July 13, 2021

In the University of North Carolina at Chapel Hill’s Gillings School of Global Public Health, there’s a lot to be excited about this summer. For 2021, U.S. News and World Report rated UNC-Chapel Hill the nation’s #1 public school for public health — and #2 overall. Its Department of Epidemiology remains one of the world’s largest and most highly regarded academic departments for study in the discipline. And, beginning in fall 2021, the Gillings School is adding Applied Epidemiology as a third concentration in its online Master of Public Health (MPH) program, powered by 2U.

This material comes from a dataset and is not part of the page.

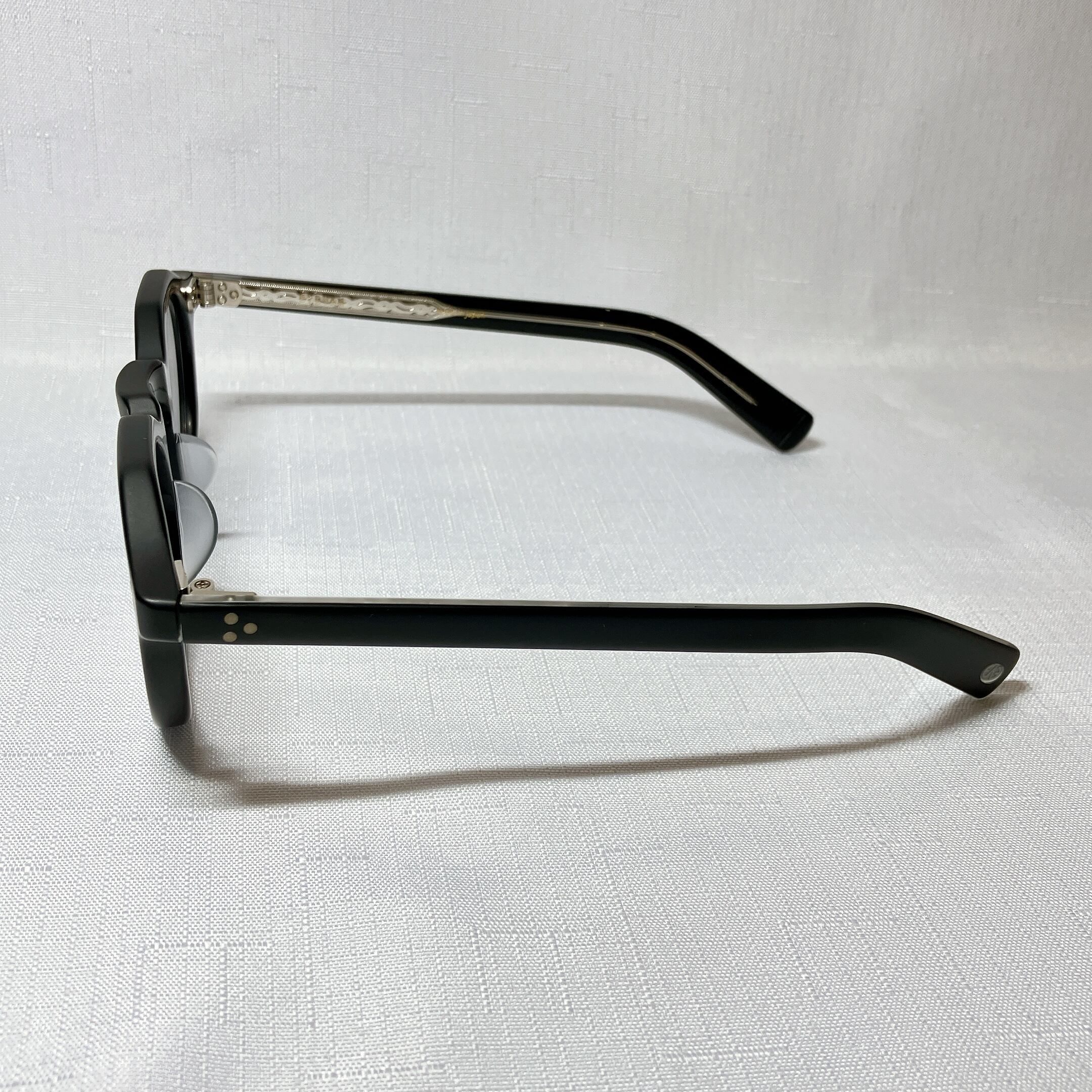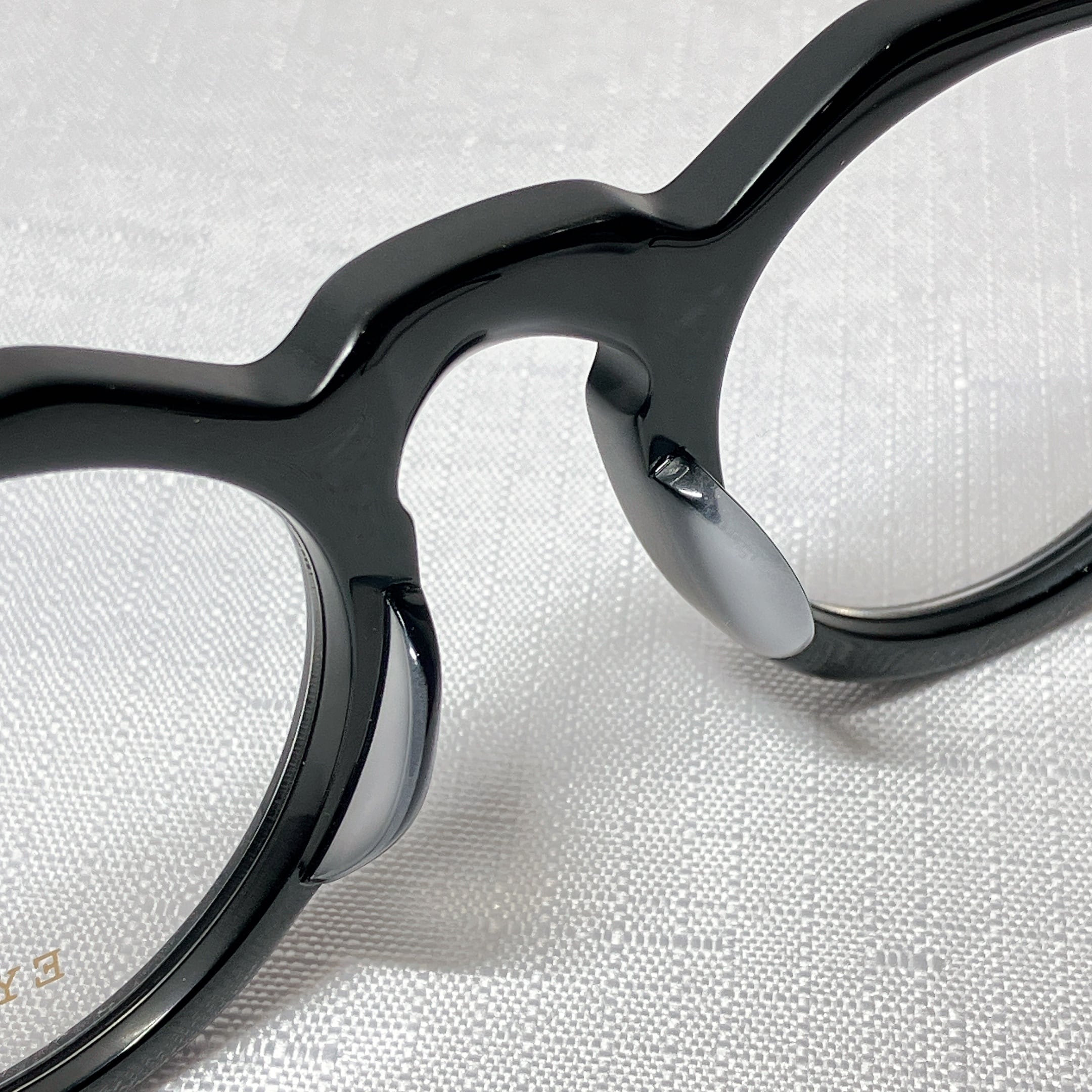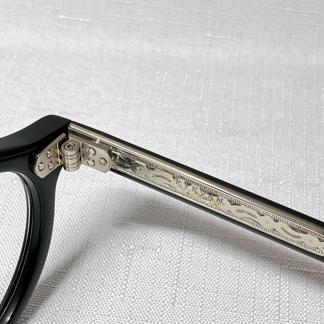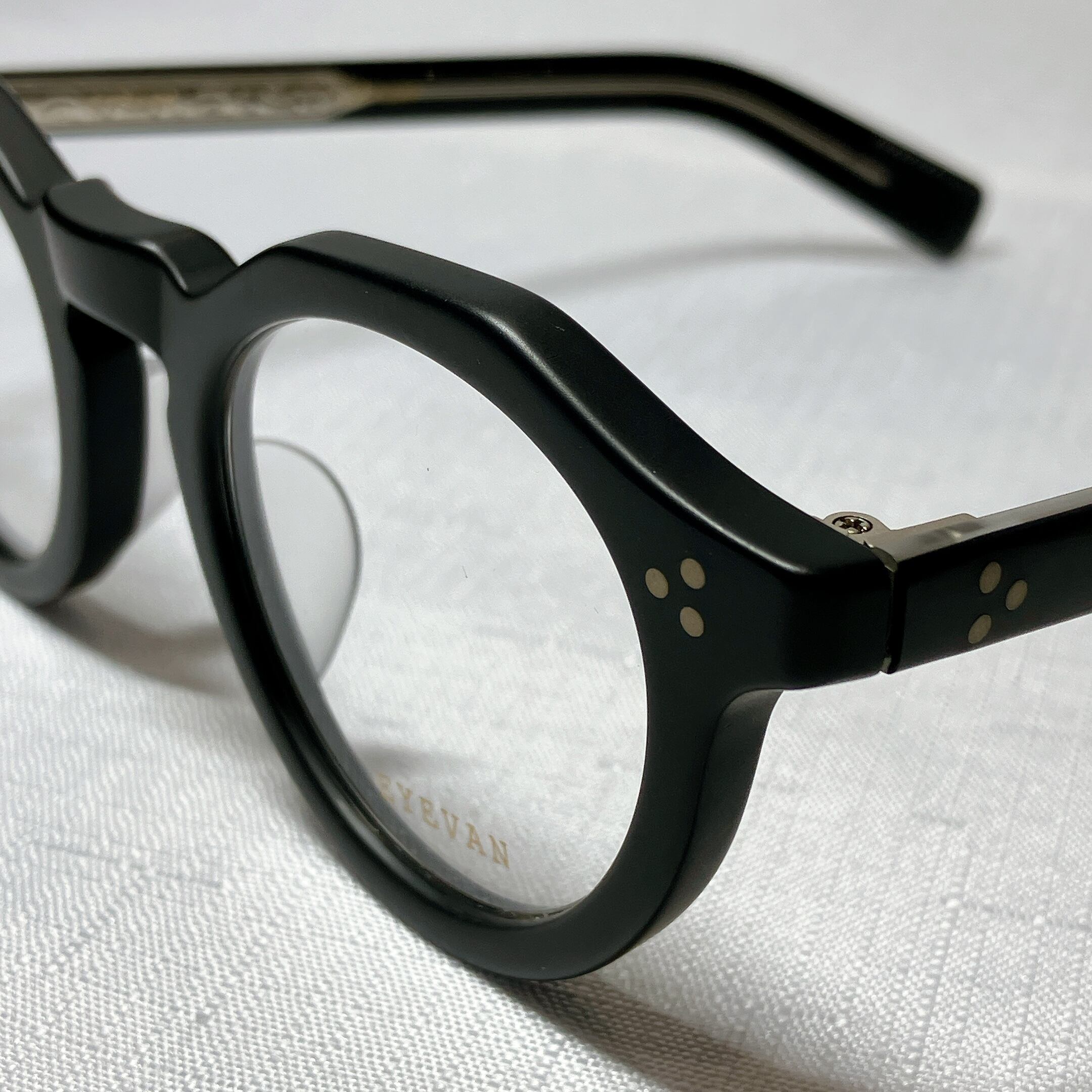 EYEVANが考えるフレンチヴィンテージを、エッヂのある肉厚なフロントと極太なワイドテンプルによって表現したモデル。フロント、テンプル丁番は60sのデザインをオリジナルで再現し、製法も置き丁番でのカシメ技法を採用。極力カシメのPINが見えないデザインにするなど細部まで忠実にヴィンテージの ディテールにこだわった。

With MPH applications soaring — in part due to the health career surge brought on by the COVID-19 pandemic — UNC’s Applied Epidemiology concentration surveys a wide spectrum of relevant public health topics, including: cardiovascular disease, HIV, environmental exposures, the opioid epidemic, suicide rates, HPV vaccination and cancer treatment efficacy. Students learn how to understand public health surveillance systems, recommend and implement study designs, and conduct analyses in order to address research questions and then communicate their findings to a variety of audiences.

Dr. Stephanie Engel

Dr. Stephanie Engel

“Prior to COVID, there was already a field-wide reorientation — in the MPH world and in our department — toward training more applied professionals to populate our public health workforce,” says Stephanie Engel, PhD, professor and associate chair in the Department of Epidemiology. “Over the last year and a half, the entire world has witnessed the essential role that applied public health professionals play in ensuring that the public is safe, well-informed and able to conduct the business of their lives, knowing which behaviors are risky and which are OK.”

Dr. Karin Yeatts

Dr. Karin Yeatts

“All of that requires skilled professionals collecting data appropriately and sharing it with their constituencies,” Engel continues. “The pandemic exposed gaps already present in the workforce and made them worse. Given this is such a critical role in public health, we’ve worked with 2U to add our Applied Epidemiology concentration to the online MPH program so that we can have a much larger footprint in this area.”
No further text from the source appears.